The remaining stake of Runway was purchased by BCP Special Opportunities Fund III (“SOF III”), for cash consideration paid on the Closing Date.
Runway is a private markets alternative asset manager focused on underwriting debt investments to late-stage venture growth companies and is an SEC registered investment adviser, managing approximately $1.4 billion in private credit assets.
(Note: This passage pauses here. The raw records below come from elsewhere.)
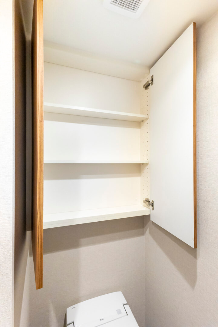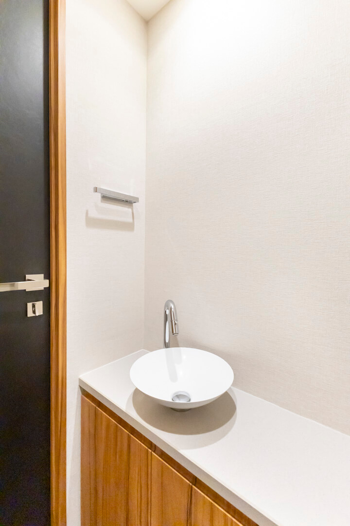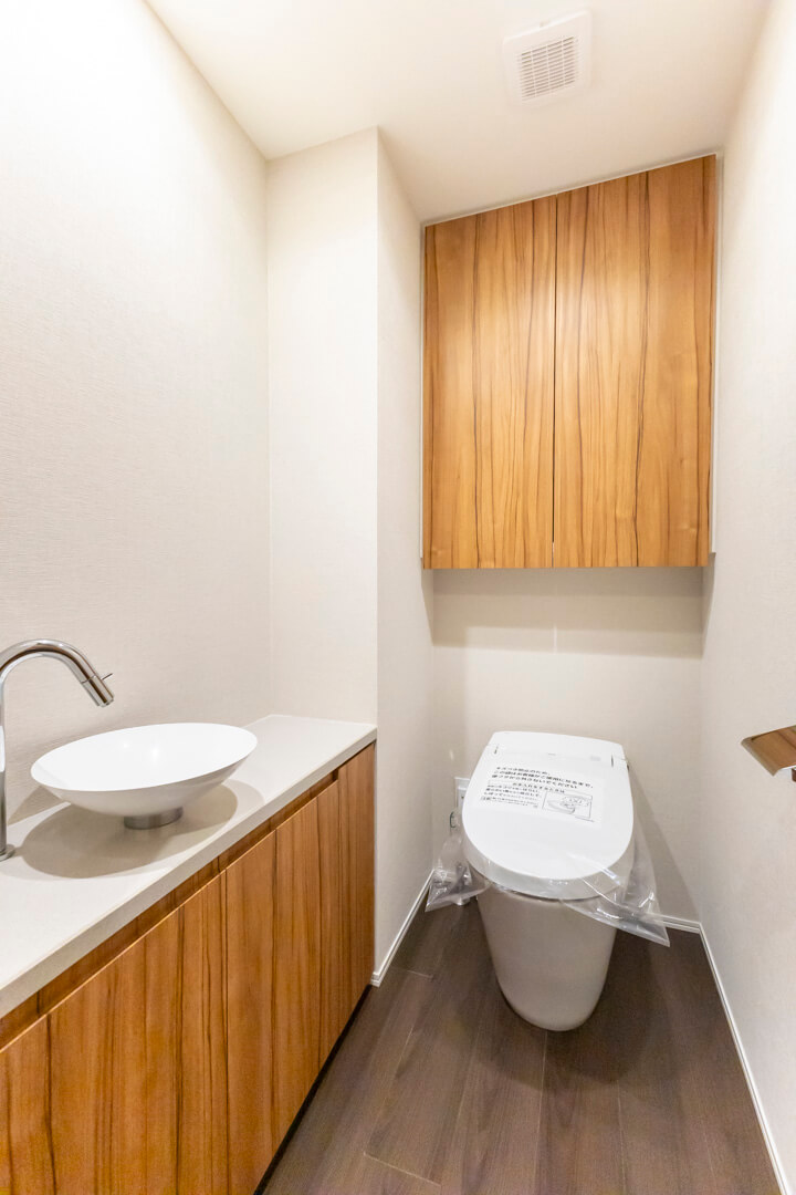 廊下に面していて独立性の高いレストルーム。LIXIL製の洗浄機能付トイレに交換済みです。タンクレス仕様でスタイリッシュ。手洗いカウンター付きなのですぐに手を洗うことができ、ゲストを洗面室まで案内する手間もかかりません。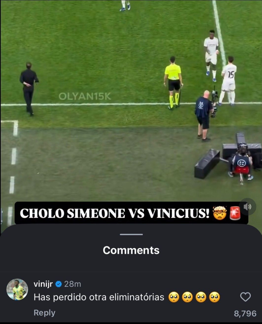 Как сообщает İdman.Biz, после игры бразильский футболист оставил комментарий под постом журналиста Фабрицио Романо в социальной сети, где было опубликовано видео стычки Винисиуса с Симеоне. Игрок "Реала" написал: "Опять проиграл матч на вылет", - сопроводив сообщение грустными эмодзи.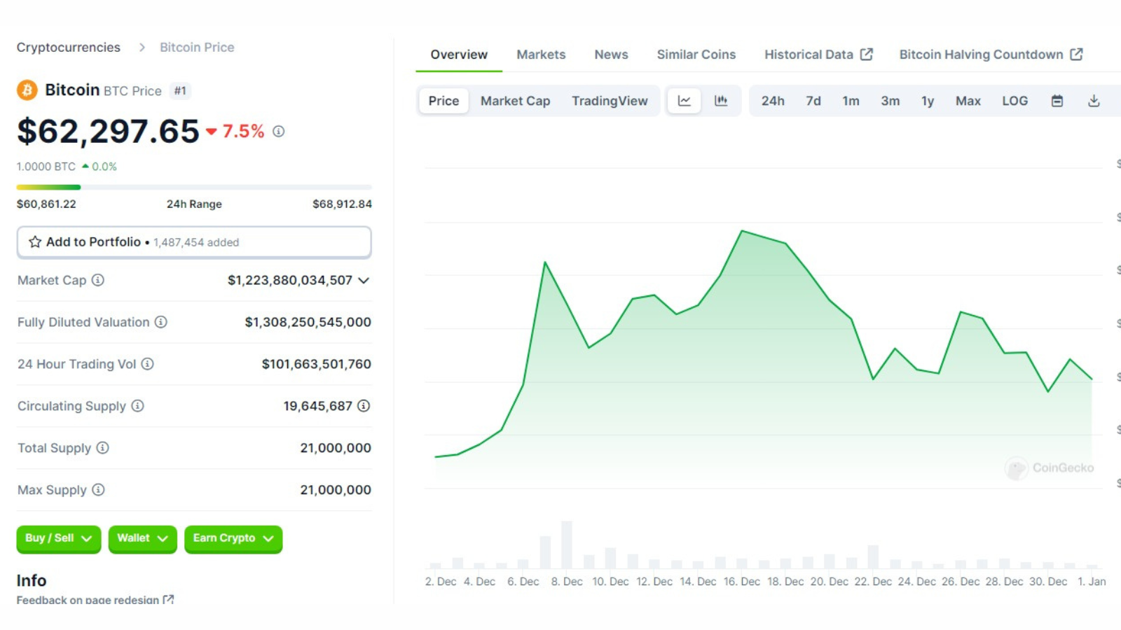 Según CoinGecko, Bitcoin cayó un 12% a poco más de $60.000 en cinco horas. Sin embargo, hoy se ha recuperado a $66.860, precio que mantiene al momento de redaccion de la nota. Por lo tanto, aunque la caída posterior al pico parezca aterradora, no es del todo inesperada.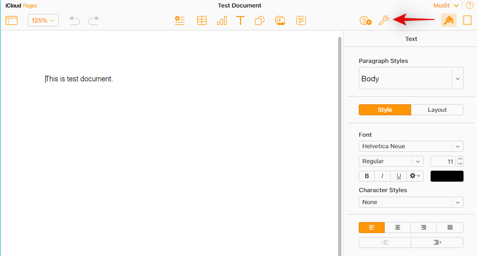 The file will now be opened in the Pages web app. This can take some time depending on your network speed and available bandwidth. Once the file opens, check your document and verify everything is as intended. Now click the Settings icon at the top.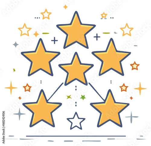 © Олександр Романюк, Fototapeta premium Growing Star Chart Illustration with Connected Five Point Elements for Progress and Achievement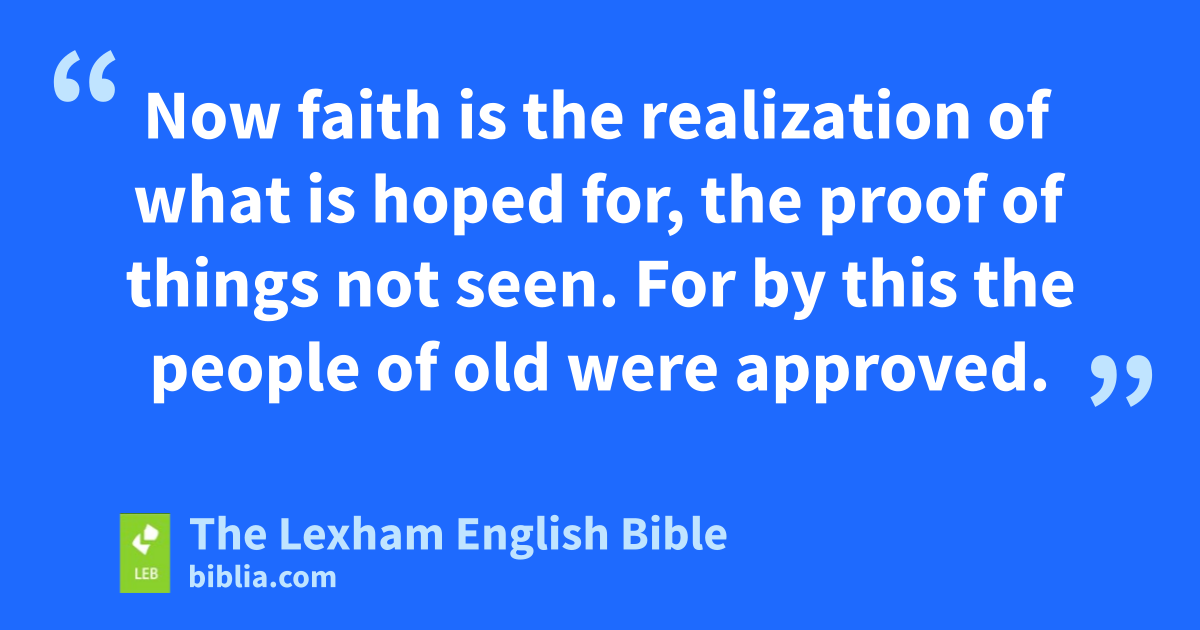 11 Now faith is the realization of what is hoped for, the proof of things not seen. 2 For by this the people of old were approved. 3 By faith we understand the worlds were created by the word of God, in order that what is seen did not come into existence from what is visible.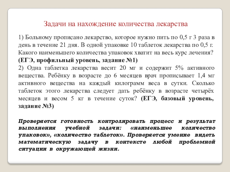 Проверяется готовность контролировать процесс и результат выполнения учебной задачи: «наименьшее количество упаковок», «количество таблеток». Проверяется умение видеть математическую задачу в контексте любой проблемной ситуации в окружающей жизни.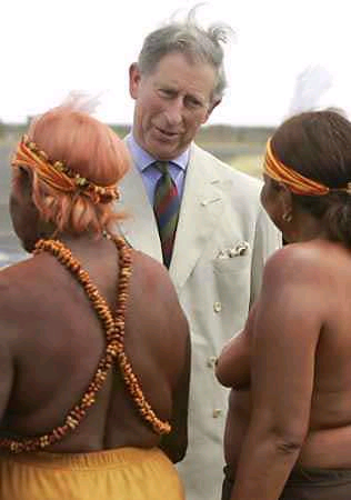 3月2日,查尔斯前往澳大利亚内地进行访问。王储一抵达爱利斯泉,就由赤裸着上身的土著妇女热情迎接,王储看得两眼不知该往哪里瞧才好。土著人又给他端上一桌虫虫大餐,更让王储吃不消。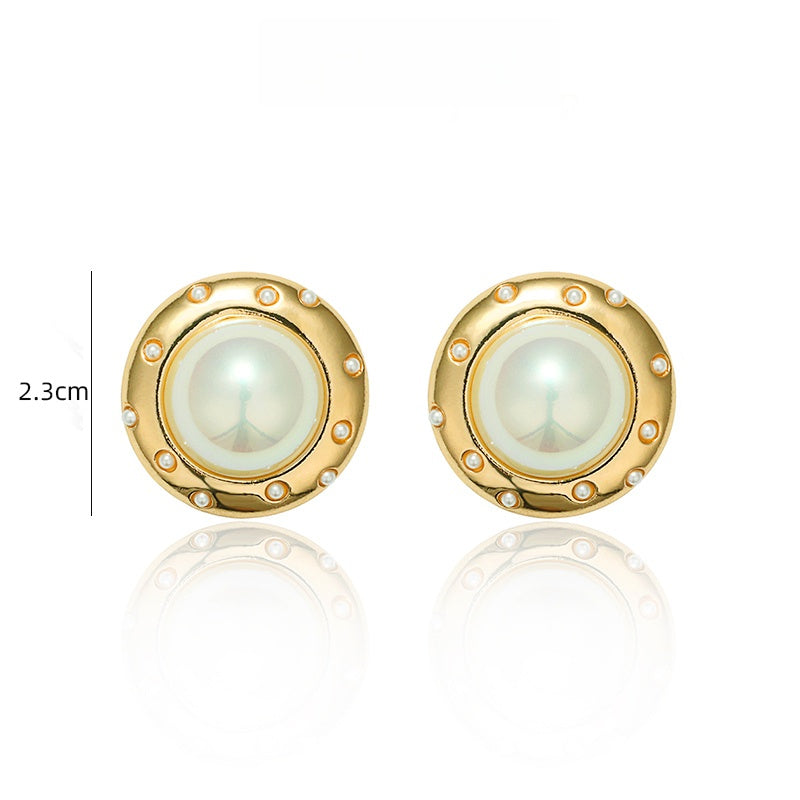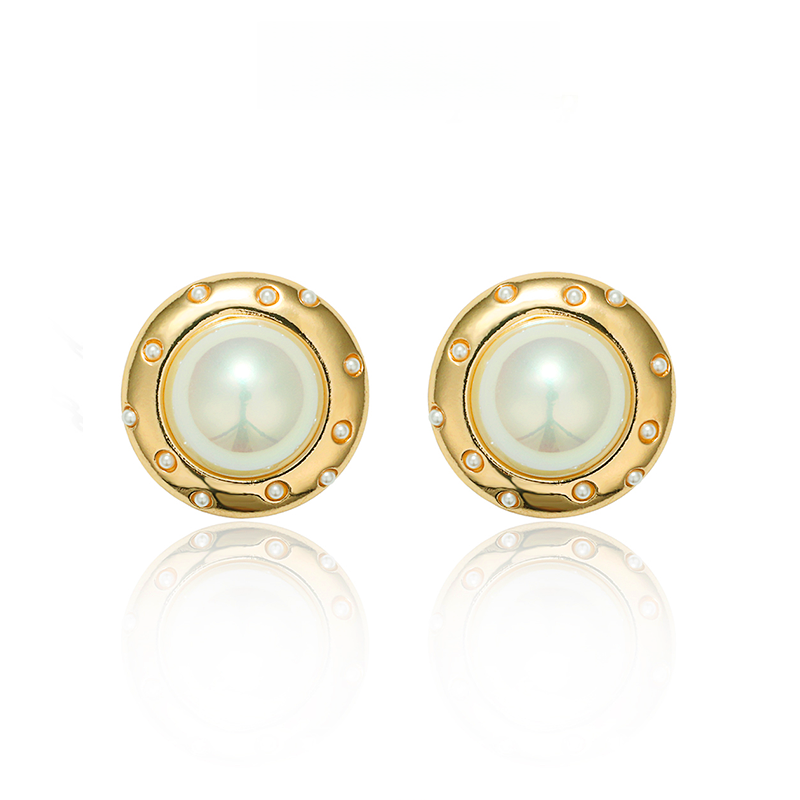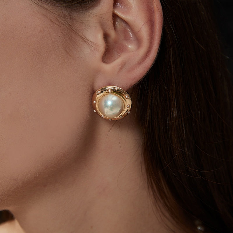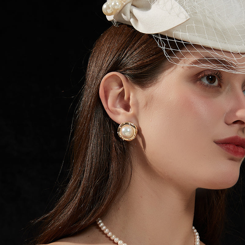 丸みを帯びたフレームに、優美な模造真珠が輝く。ゴールドのメタルが高級感を引き立て、耳元に典雅な存在感を与える。角度によって変化する光沢が、どのシーンでも上品な輝きを演出します。

- Full Description of Material Change
On October 31, 2024, RGC Group Acquisition LLC (“Merger Parent”) entered into an agreement and plan of merger with, inter alia, Runway and RGC Group Merger Sub LLC (“Merger Sub”), pursuant to which, on January 30, 2025:
a. in exchange for the merger consideration comprised of: (i) cash to be funded by SOF III, a Cayman Islands limited partnership managed by BC Partners Advisors L.P.; and (ii) common shares in the capital stock of the Company having an aggregate dollar value equal to US$5,000,000 paid by the Company and issued to the Runway Sellers (defined below) (collectively, the “Merger Consideration”), Merger Sub merged with and into Runway under the Delaware Limited Liability Company Act, with Runway surviving the merger as a wholly-owned subsidiary of Merger Parent; and
b. Merger Parent acquired all of the issued and outstanding capital stock of Runway Management Services for nominal consideration from the principals thereof;
(collectively, the "Acquisition").
In connection with the Purchase Agreement, on October 31, 2024, the Company and SOF III entered into an equity commitment letter with Merger Parent, pursuant to which they committed to provide their allocation of an equity investment in Merger Parent sufficient for Merger Parent to pay the Merger Consideration and all other amounts required to be paid by Merger Parent in connection with the Acquisition, subject to customary closing conditions of the Acquisition.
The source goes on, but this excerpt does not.